SONY even introduced this line with a slick TV ad. Take a moment and watch it HERE.

The tag line in the ads was “What I love is my first Sony. It won’t be your last.”

That was over 30-years ago.

Voice Activated Devices

This past Christmas, my fiancé, Sue, gave me an Amazon Echo Dot. Why a Dot and not the larger version? Because I said I didn’t want one of these things. Heck, I own a “million” radio sets.

But she figured for $29 it would make a fun stocking stuffer.

Amazon Echo’s and Google Homes’ were the hot Christmas gift of 2017. Amazon said that they sold “tens of millions” of Echo devices all over the world and that it’s Echo Dot and Fire TV Stick with Alexa voice remote were its most popular products across all categories.

Our Family Got Bigger

The Echo Dot was so easy to set-up and begin using. You basically plug it in. Then use your smartphone to connect it up to your WiFi and begin using it.

Like most new owners, the thing we used it for was to play music.

Now the Dot has a speaker akin to the one in my iPhone7. It reminded me of the sound that I used to get out of my first Zenith transistor radio back when I was in grade school. But then, it sounded great listening to the oldies on WMEX-FM via TuneIn radio. It’s the way I originally heard all of these songs.

My fiancé is not a fan of my many remote controls and especially all the buttons they have, but she very quickly fell in love with Alexa and controlling everything with her voice. We both did.

Alexa quickly became the third member of our family.

I told Sue that I could see us getting an Amazon Echo with the bigger speaker in our future.

Happy Valentine’s Day

That future came on Valentine’s Day 2018. I gifted the love of my life jewelry, candy, a romantic dinner out and she gifted me an Amazon Echo. Oh, there were many other things she gifted me, but the second Echo device is what I remember most and quickly put into service in our living room replacing the location previously occupied by the Dot.
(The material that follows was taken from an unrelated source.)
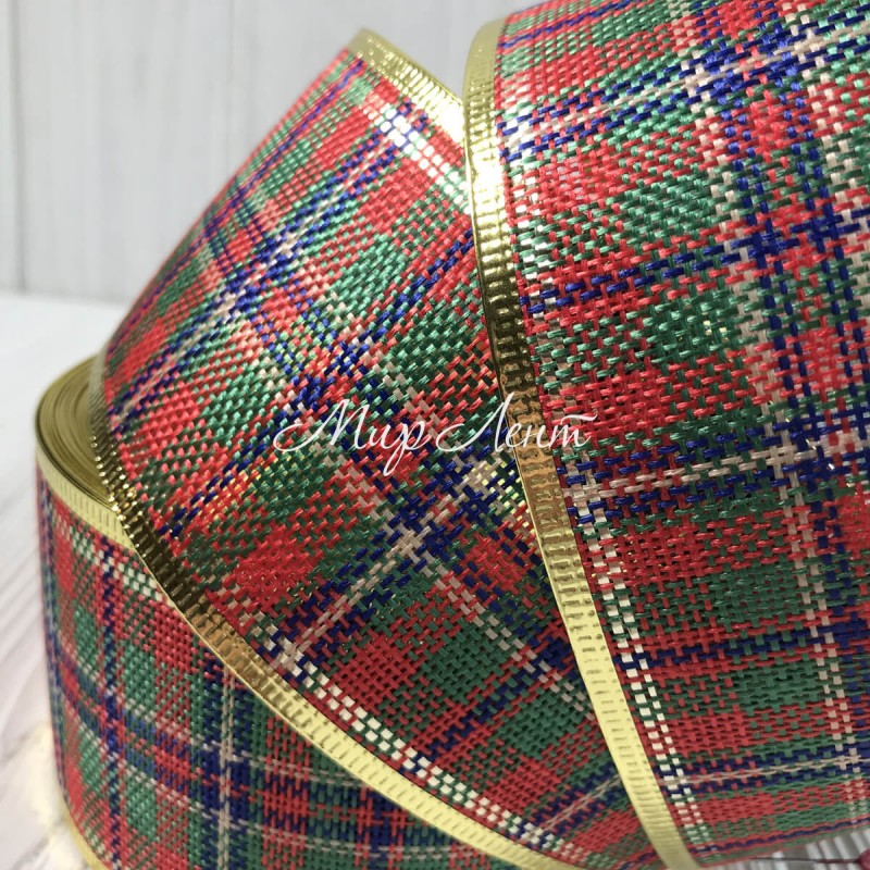 Новорічна стрічка мішковина шотландка, 6,3 см, червоно-зелено-синя, метр

When we got back home from our Valentine’s Day dinner, we sat on our living room couch, and asked Alexa to play our favorite love songs.

No Going Back

When I think of how quickly Alexa has taken over our lives – and we haven’t even scratched the surface of all she can do – I realize that there’s no going back.

It’s like giving up the microwave oven in the kitchen, or power windows in the car, or Google search or the internet. Once you have made these new innovations a part of your life, you won’t ever wish to return to a life before them.
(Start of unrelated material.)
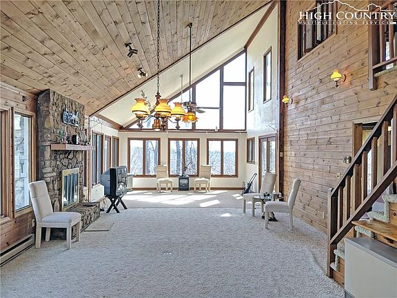 Long Range Mountain views,a 180 degree panorama in this amazing mountain chalet. One level living with massive open great room, 3 bedrooms 2 full baths. Built-ins in Master for ideal storage space, overhead lighting in all rooms, T&G ceilings, sturdy as a rock. The "crawl space" is begging to be finished with over 800 sq ft of floored workshop space. Gas Fireplace - was originally wood burning and could be converted back most likely. Energy efficient ETS heat system on main level. There is a chair lift installed 2007 for assisted access to second level. Home is located in the gated community of Powder Horn. POA fees are 1602 a year and include full time maintenance, security, clubhouse, pool, three lakes, campground, river access to state stocked trout streams, hiking trails, playground, chapel, tennis court, and so much more. Short term and Long term Rentals are allowed! New Roof 2000, Seamless Gutters 2002,New Carpet 2002,Gas Logs, 2005, New Toilets 2007, Garbage Disposal 2007, Stairlift 2007, Hot Water Heater 2000,New countertops and appliances 2004, addition by Billy King 2004, New Decks 2004, Window Caulking 2004,

The TV remote control made it possible to quickly change channels without leaving the couch. The video cassette recorder and then the DVR made it possible to no longer be chained to the TV network’s schedule. Netflix made watching a series, a binge affair.
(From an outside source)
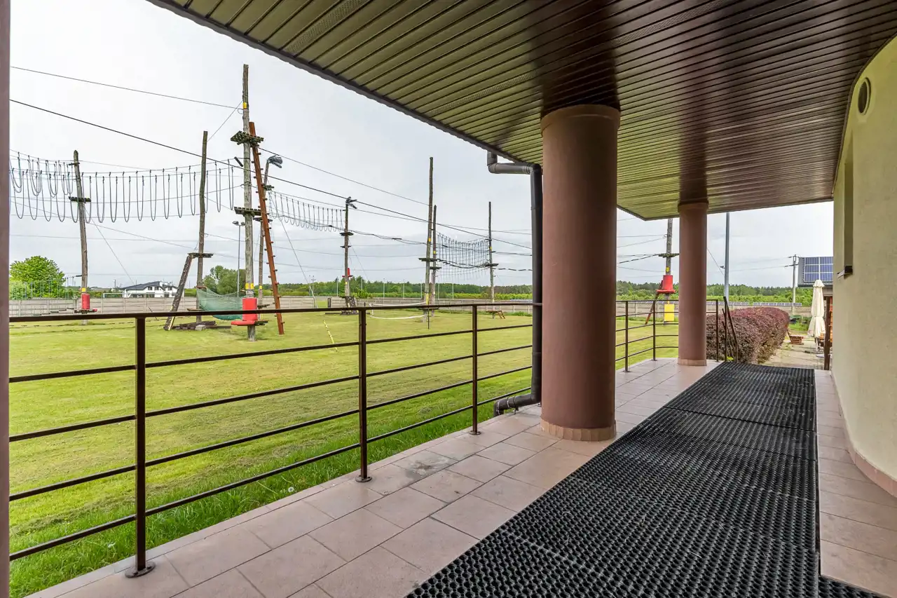 Na terenie (sąsiednia działka-nie zawiera się w cenie sprzedaży, istnieje możliwość dzierżawy) znajduje się pełnowymiarowe (68m x 105m) profesjonalne boisko trawiaste do gry w piłkę nożną, a także: szatnie z natryskami oraz magazynek na sprzęt sportowy. Boisko spełnia najbardziej rygorystyczne wymogi stawiane przez międzynarodowe standardy FIFA. Boisko posiada odpowiedni drenaż uniemożliwiający pojawienie się wody na murawie boiska.

Now these voice activated devices are changing the world of audio.



So, What Happened to the Dot?

If you’ve read this far, you might now be wondering what happened to our Amazon Dot.

It’s been re-deployed to the bedroom where it now puts us to sleep and wakes us up.

And it sounds great! Thanks to my BOSE Wave Radio.

Amazon Echo Dot & Bose Wave Radio

Let’s see the next holiday on the calendar is St. Patrick’s Day. I could see getting a couple more of these Dots to connect to our other BOSE Wave Radio and other radios I have in each room of our home.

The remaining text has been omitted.